In this exercise, retype exactly the lines from the start of the entries through the line bearing "questions before purchase.", leaving every picture out.
- - - -
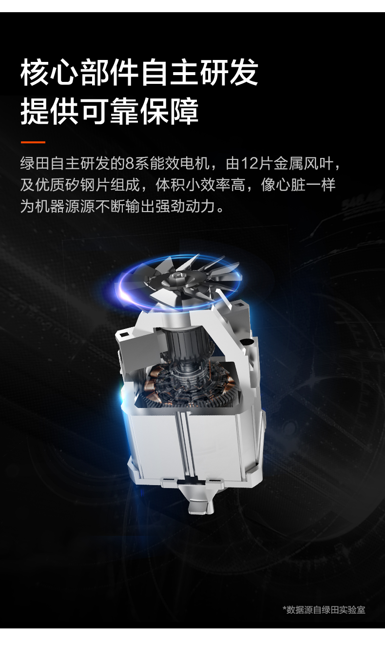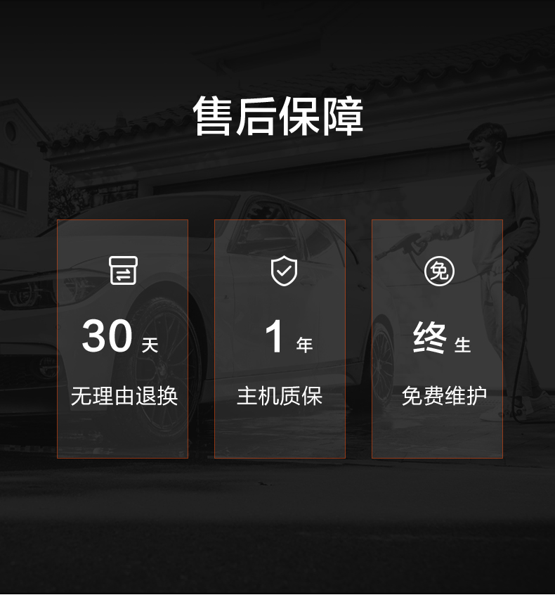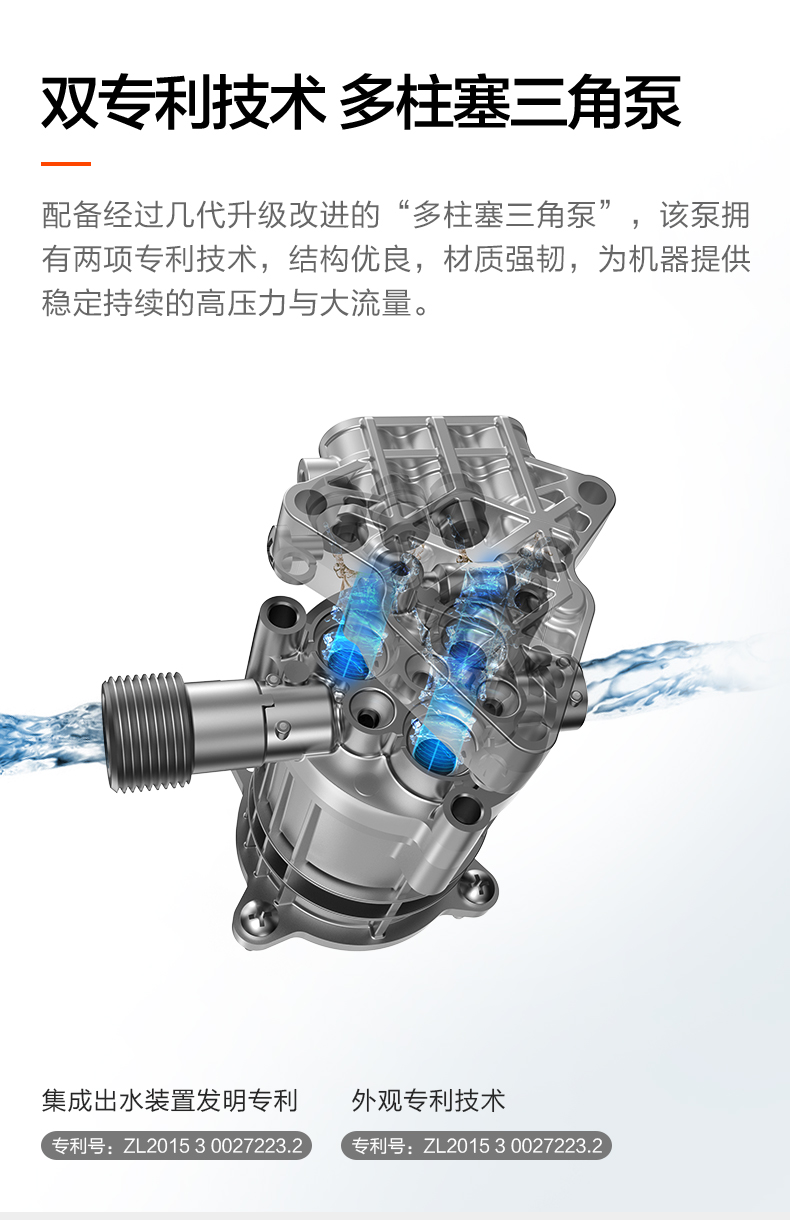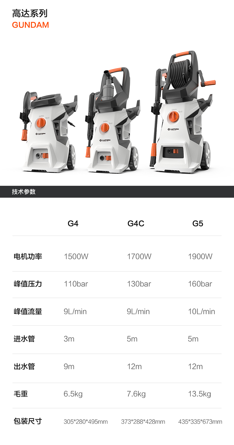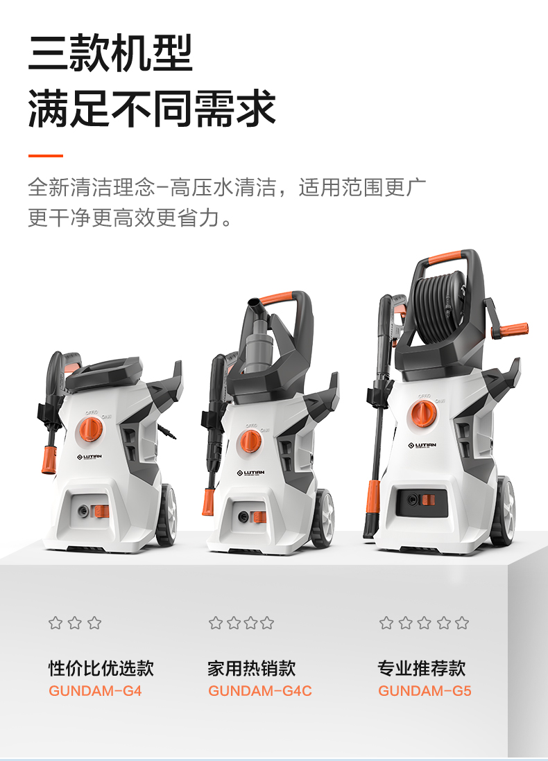 升级版8系能效电机,12片金属风叶,20000转/分钟,功率1400W,电机效率高达65%,能够迸发出100bar压力,可以连接水龙头,也可以自吸式水桶使用,一台机器具有清洗车辆、园艺灌溉、清洗户外及庭院等多种功能。
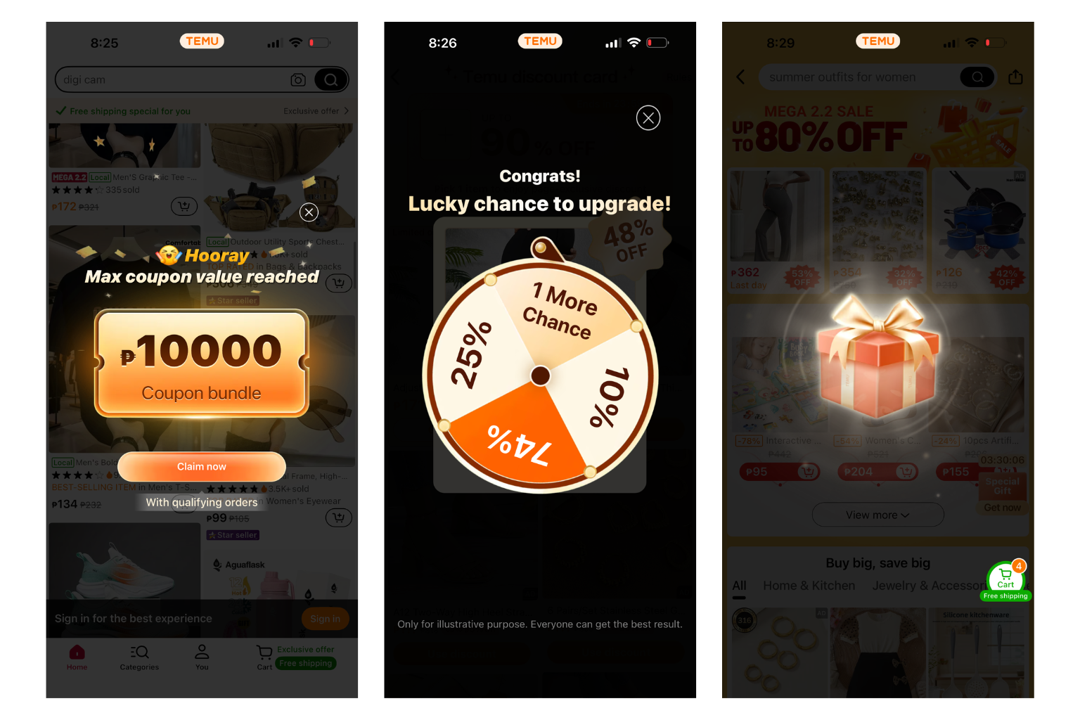 - Spin wheels and scratch cards: Multiple chances to "win" discounts daily
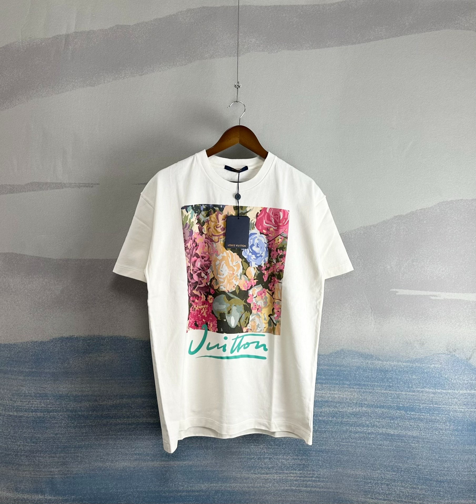 Louis Vuitton LV White Floral Pattern Short Sleeve
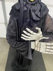 This Gemmy 70" tall grim reaper is sound and motion activated, his eyes light up and he moans and groans. He has posable arms and is collapses down for easy storage. He requires 3 AA batteries that are not included. He has a yellowed face and one side of his robe has faded all from sun exposure but he works great. You get the actual item pictured so please look at all photos and ask any questions before purchase.
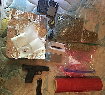 “The search warrant yielded one pound of marijuana, 2 blotter papers of approximately 100 hits of LSD, 5 grams of Butane Hash Oil and a .40 caliber semi-automatic handgun,” Posey says.
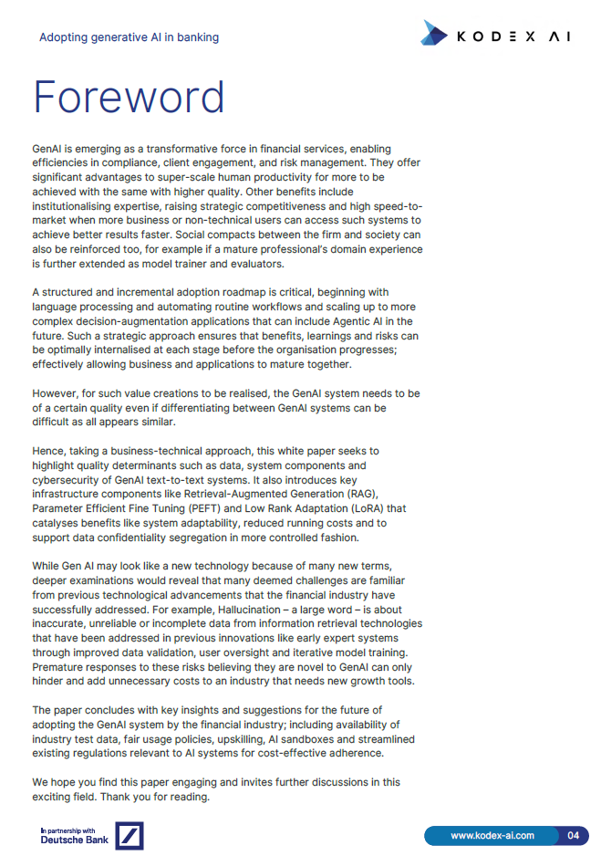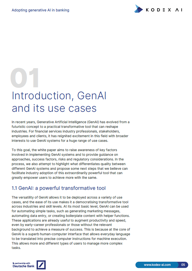 در سالهای اخیر، GenAI از یک مفهوم آیندهنگر به ابزاری عملی و مؤثر برای تحول در صنایع مختلف تبدیل شده است. این فناوری به ویژه در بخش خدمات مالی، با ارائه کاربردهای فراوان و بهبود کارآیی در وظایف روزمره، فرصتهای جدیدی را ایجاد کرده است. این گزارش هدف خود را افزایش آگاهی از چالشها و فرصتهای موجود در پذیرش سیستمهای GenAI در این صنعت قرار داده است.
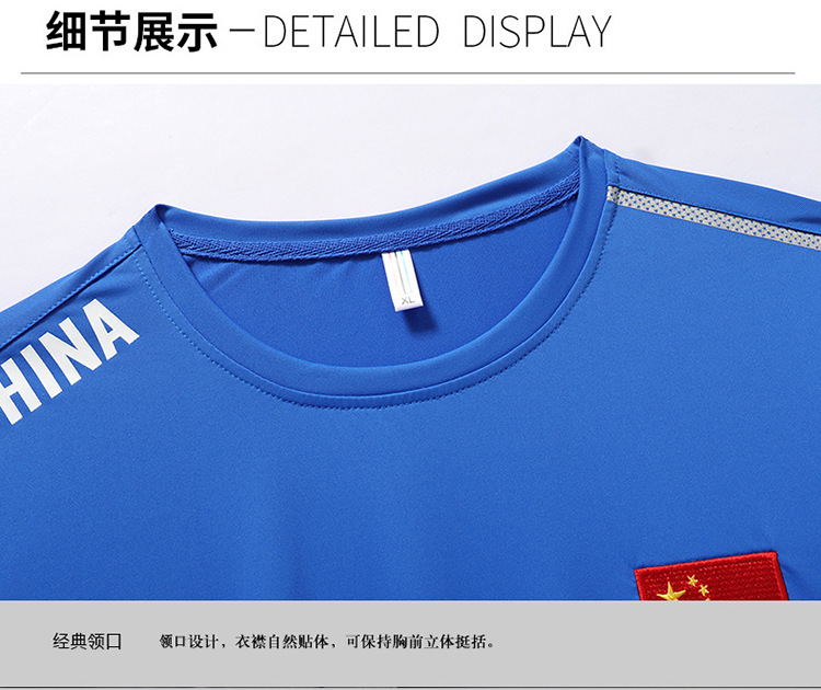 중국 팀 국가 유니폼 남성과 여성을위한 속건성 반팔 티셔츠 속건성 라운드 넥 티셔츠 여름 스포츠 훈련 유니폼 축구 유니폼 훈련 유니폼
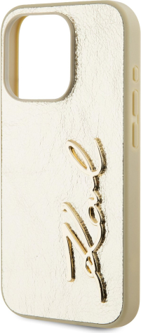 Karl Lagerfeld Wrinkled PU Signature Logo Aizsargapvalks priekš iPhone 15 Pro Max / zelts
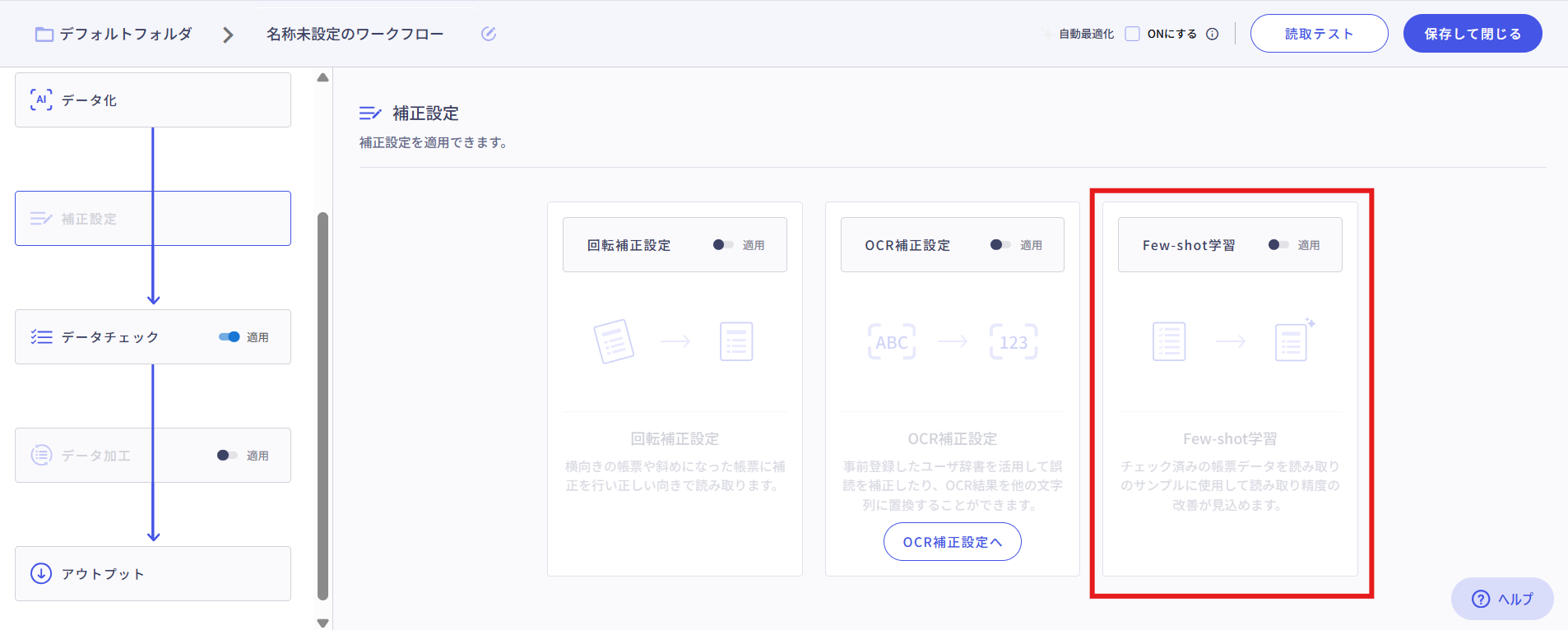 ワークフロー編集画面の「補正設定」から、Few-shot学習をOFFに切り替えます。
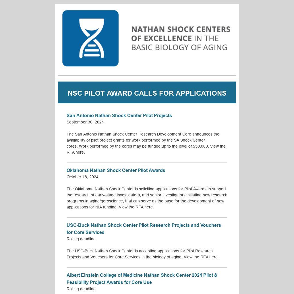 The University of Washington Nathan Shock Center and Healthy Aging and Longevity Research Institute are soliciting applications to support pilot projects in the biology of aging.* View the RFA here.
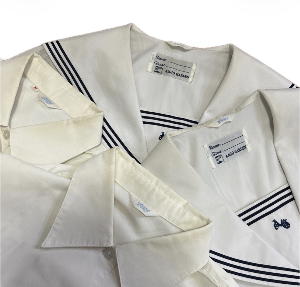 安城学園高校の制服です。 長袖ブラウス 半袖セーラー服 サイズは全てMサイズ。 中古品ですので神経質な方ご遠慮ください。 黄ばみあります。画像にてご確認ください。 |
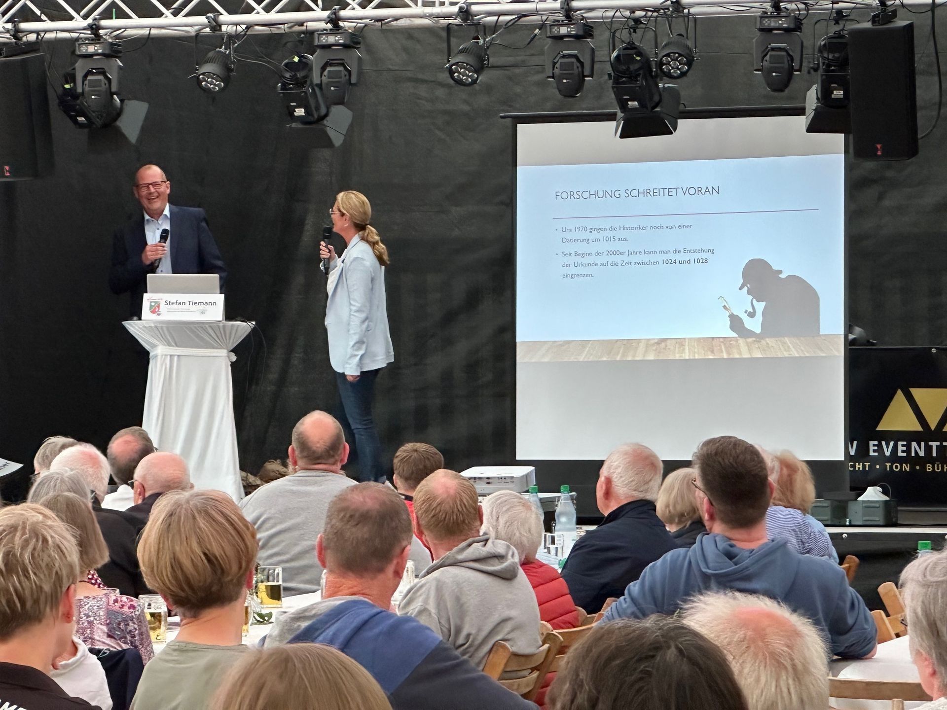 Das Festzelt in Hamersen war am vergangenen Freitag mit über 120 Gästen gut gefüllt. Zum Auftakt der dortigen 1000-Jahr-Feier waren neben dem Bürgermeister Gerd Kaiser und dem Kreisarchäologen Dr. Stefan Hesse auch der Heimatverein Sittensen geladen.
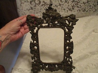 VINTAGE METAL FRAME RECTANGULAR SURROUNDED w/CHERUB & FLOWERS
- - - -
▶ [Expected output]:
 升级版8系能效电机,12片金属风叶,20000转/分钟,功率1400W,电机效率高达65%,能够迸发出100bar压力,可以连接水龙头,也可以自吸式水桶使用,一台机器具有清洗车辆、园艺灌溉、清洗户外及庭院等多种功能。
 - Spin wheels and scratch cards: Multiple chances to "win" discounts daily
 Louis Vuitton LV White Floral Pattern Short Sleeve
 This Gemmy 70" tall grim reaper is sound and motion activated, his eyes light up and he moans and groans. He has posable arms and is collapses down for easy storage. He requires 3 AA batteries that are not included. He has a yellowed face and one side of his robe has faded all from sun exposure but he works great. You get the actual item pictured so please look at all photos and ask any questions before purchase.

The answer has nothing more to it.